The sun has just released its red face, and the sun shuttles through the purple folds of mulberry. Mulberry is in my hand, my hand is in your hand. Spring breeze, drizzle, sunshine and white clouds, all the beautiful things in the world are not as warm as your hands. Looking back now, like wild dogs and white clouds. The old path has been covered with fallen leaves, and the children who were playing at your knees at that time have now fallen into pavilions. Sweet memories are painted with a dim background by time, and the memories are as astringent as Coptis chinensis, spreading on your lips, between your teeth and in your heart layer by layer.

What a sad and indifferent reality. I felt at a loss when you left forever. Now that the short path is out of date, how can it be so long and empty? What flows away around me is a river of spring water, which is a kind of sadness and a kind of acacia.

I looked up at the stars The little prince once said, "When you fall in love with the flowers on a star, when you look up at the starry sky, it seems that all the stars are blooming, you will feel sweet." However, I have never felt any sweetness. "But something slipped from my eyes, wet and cool."

I can't bear to think again, close my eyes and let the tears flow freely. It's like you again, wiping away cold tears, feeding a mulberry in my mouth, and then carrying me home. ...

Mulberry is sweet and sour, which brings tears to my eyes.

The person I miss most, composition 8, is a windless day, and the air is sticky like a layer of hot oil. You, quietly gone, left me forever, my dearest great-grandfather.

In the car, it was sultry and depressing. Looking at my mother's red and swollen eyes, I couldn't say anything, and I didn't shed a tear.

The past flashed through my mind in an instant.

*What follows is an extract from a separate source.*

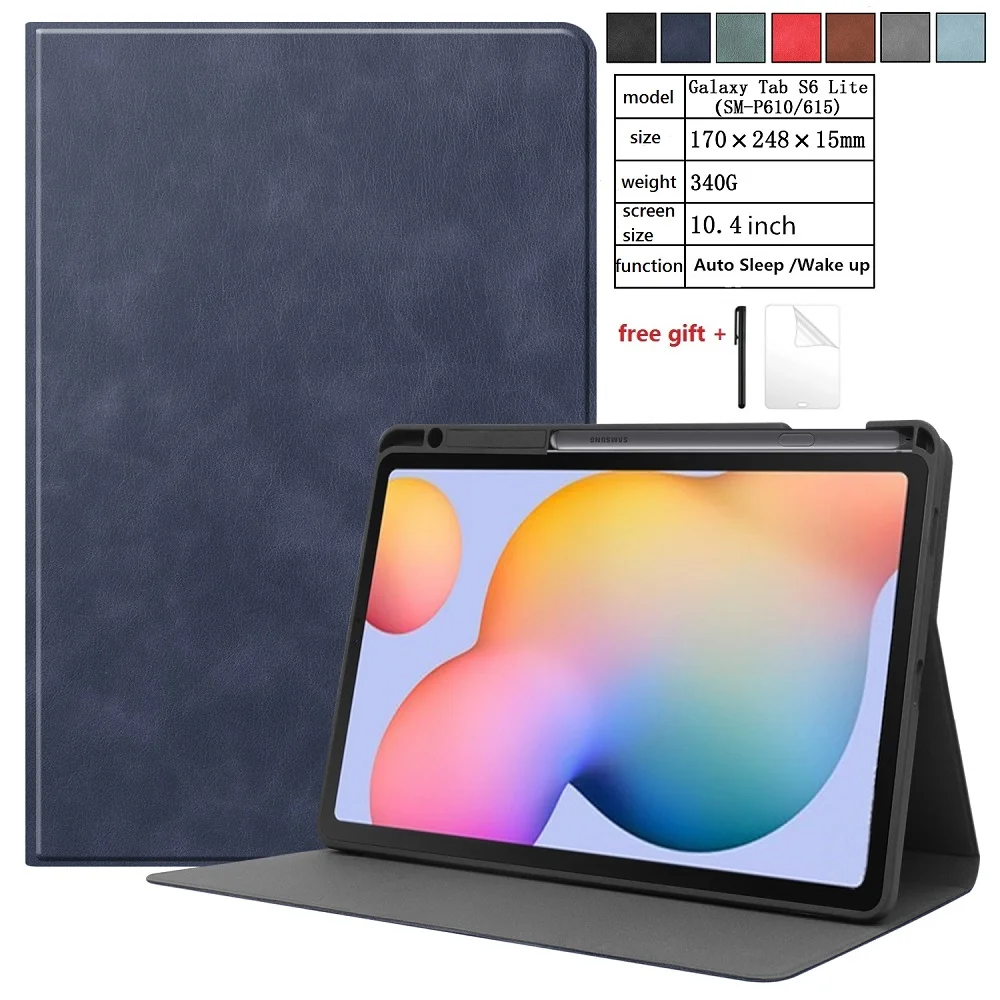 Чехол для Samsung Galaxy Tab S6 Lite 10,4 дюймов 2020 с держателем ручки SM-P610 SM-P615 из искуственной кожи на кнопке с подставкой противоударный чехол для планшета защитный корпус

It snowed heavily that day, and grandpa insisted on exercising outside. When we came back, he cooked for us with his cold hands. I couldn't bear to see my grandfather's hands, so I found him a hand cream, and he didn't say anything. He proudly pointed to the medal hanging on the wall and said, "look, son, that's the honor I won with these hands." At that time, life was very bitter, and there was no hand oil! " Isn't that good, too? "Born as a soldier, born with an indomitable spirit. I reluctantly took the oil back.

Now, I found the hand oil again. I hugged for a long time and burst into tears.

Every time I eat, I think of the story my grandfather once told me. He always said solemnly, "In those days, our soldiers often went to war with an empty stomach. It was a few years! I can't eat enough at all. Look, there are so many grains of rice here, there and in the bowl. This meal is hard-won! " So far, I dare not abolish or forget the teachings of his old man's house.

Sometimes, I can think of my grandfather when I see the test paper. Once, I failed in the exam and almost got full marks, all because of damn carelessness. The more I think about it, the angrier I get. I was impatient, so I ran to my grandfather's house and told him my troubles. Grandpa took me home and taught me with a smile. It is such a person who looks like the sun, who has wiped away all my insignificant confusion.

He let me know that we are like floods, and it is difficult to stir up beautiful waves without encountering islands and reefs. He told me I would climb up. Only in this tireless exploration can I enrich my life, get the pleasure of life and feel my inner enrichment and value. He taught me the true meaning of life.

Grandpa's affection makes me feel that "even if the wind is high, there is still a home to follow." The essence of his feelings for me is overflow output. Thank you! My great grandfather. You have taught me a lot and told me many stories about you. Although I can't really understand every story about you, it has benefited me for life. I miss you!